NGS: hunting mysterious ‘Dark Matter Genome’ towards rewriting the rules of human genetic diseases

Next generation sequencing (NGS) has revolutionised genomics research providing a wealth of genetic information of immense value to researchers. NGS technologies have been evolving over the last decade, leading to substantial improvement in understanding different biological systems from broader and deeper perspectives.1

genetic imaging

Contemporary advances in high throughput DNA sequencing technologies have ultimately enabled investigations into the entire genome and specific regions of interest, thus providing accurate in-depth genomic information and biological insight into unexpected DNA changes.2 In recent years, several NGS platforms with different sequencing chemistries have been developed that can perform sequencing of millions of smaller DNA fragments in parallel. With the advent of NGS technology, human genomes can now be systematically studied in their entirety at a much faster pace and cheaper cost. Sequencing of the human genome provides many benefits including more accurate diagnosis, prognosis and classification of diseases. It also offers attractive ways to identify ‘druggable’ casual mutations and other genetic variations, such as substitutions, insertions, deletions, inversions and translocation that could serve as an underlying cause for many human genetic diseases.3

Deciphering the genetic information encoded by the human genome is paramount in biomedical research. Extensive investigation into genetic mutations that cause human diseases has uncovered that the disease-causing mutations occur within 1-2% of protein-coding DNA called ‘exons’. The remaining 98% of the genome constitutes ‘dark matter’ whose function remains unclear. Interpreting the effect of DNA changes within genomic dark matter is very difficult.4

Recent advances in NGS technology have shed light on annotating genomic dark matter and assigning biological functions to many different regions of the human genome, such as promoters, enhancers, repressors, transcription factor binding sites and other regulatory elements. NGS technology has also accelerated the process of identifying disease-causing DNA abnormalities through genome-wide comprehensive scanning of non-coding mutations with regulatory benefits in the human genome. Detailed investigation of the types and genetic alterations that are related to human disease may lend insight into the interpretation of similar DNA abnormalities in other genetic disorders.5 Thus, uncovering the non-protein coding DNA sequences with regulatory potential using NGS-based approaches could help us move forward in targeting the entire genome for clinical purposes. This article outlines the unmatched opportunities presented by NGS technologies to study genomic dark matter for better understanding of health and disease, opening doors for the development of novel treatments for human genetic disorders.   

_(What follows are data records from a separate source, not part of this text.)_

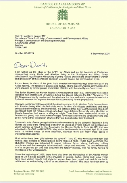 İngiltere Parlamentosu Alevi Sekretaryası (APPG) Başkanı ve İşçi Partisi Milletvekili Bambos Charalambous, Suriye’deki Alevi topluluklarına yönelik soykırım ve saldırılar hakkında Birleşik Krallık Dışişleri Bakanı David Lammy’ye bir mektup gönderdi.
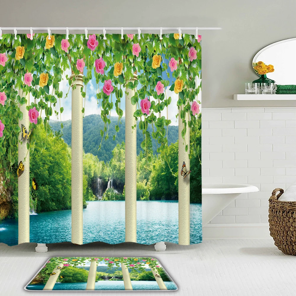 Занавеска для душа в европейском саду, занавеска для ванной комнаты...
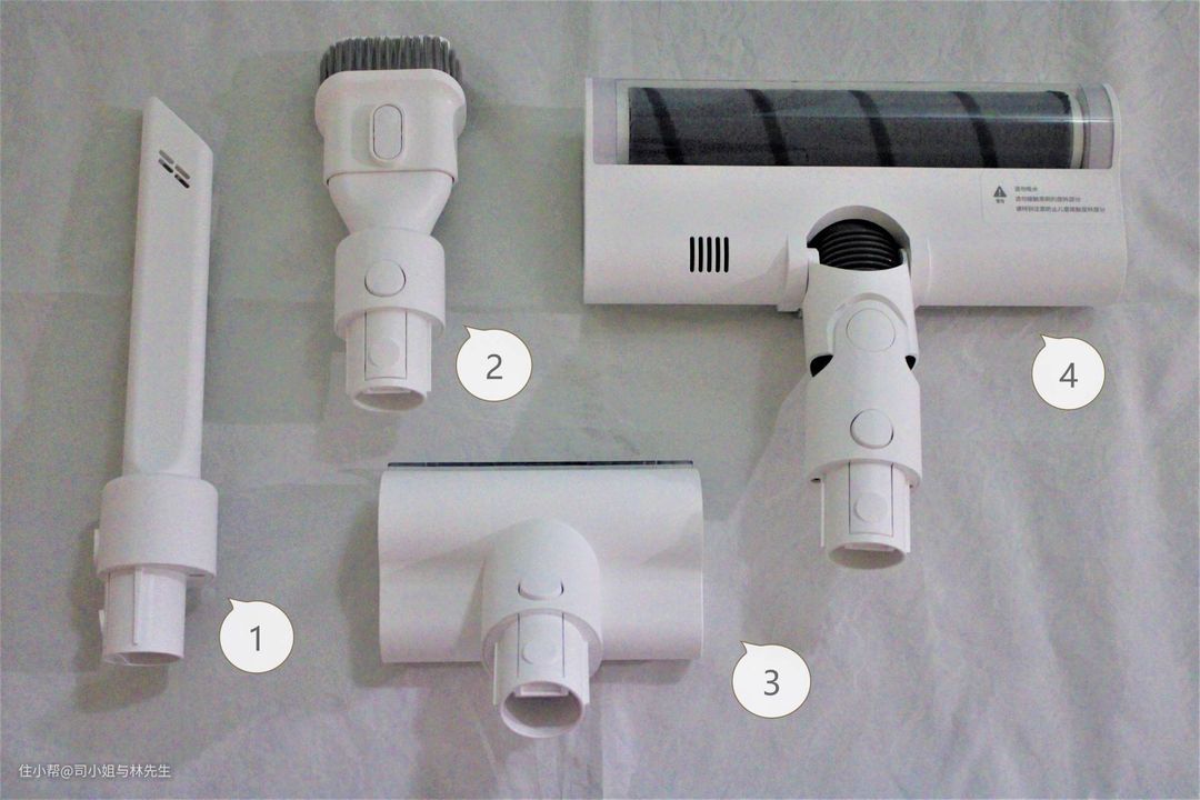 ▲四种除尘刷头各司其职:1-缝隙吸头,适合抽屉四角、拉门缝除尘;2-二合一毛刷,清理键盘缝隙很好用;3-电动除螨刷,清洁被褥时,还有除螨的功效;4-软绒滚刷吸头,吸附大理石、地板等大颗粒灰尘。
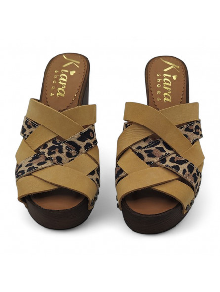 Zuecos artesanales de cuero trenzado con estampado de leopardo – Tacón de 9,5 cm

Whole Genome Sequencing (WGS)

WGS represents a high-throughput sequencing approach that allows sequencing of the human genome in its totality. The sequencing of whole genomes enables us to take a comprehensive look at the genomic landscapes of pathogenic mutations and determine genetic predisposition to certain diseases. WGS is increasingly being promoted as a widely used platform for studying genetic variations associated with common and complex diseases,6 and has enabled researchers to identify larger deletions, insertions, copy number variations and other DNA changes within the genome. WGS has the potential to capture complete information on the non-coding regions such as promoters, enhancers, introns, untranslated regions (UTRs) and other regulatory elements in the genome. Notably, this method has been used in Genome-Wide Association Studies (GWAS), which identified the number of genetic variants associated with complex diseases.7 In recent years, WGS has expanded its diagnostic utility and improved detection of rare genetic disorders in humans that can be prevented or treated by early diagnosis and intervention.8,9 Thus, WGS serves as a powerful tool to detect genetic abnormalities associated with diseases onset in humans, paving the way for the discovery of novel methods to monitor and treat rare and genetic diseases.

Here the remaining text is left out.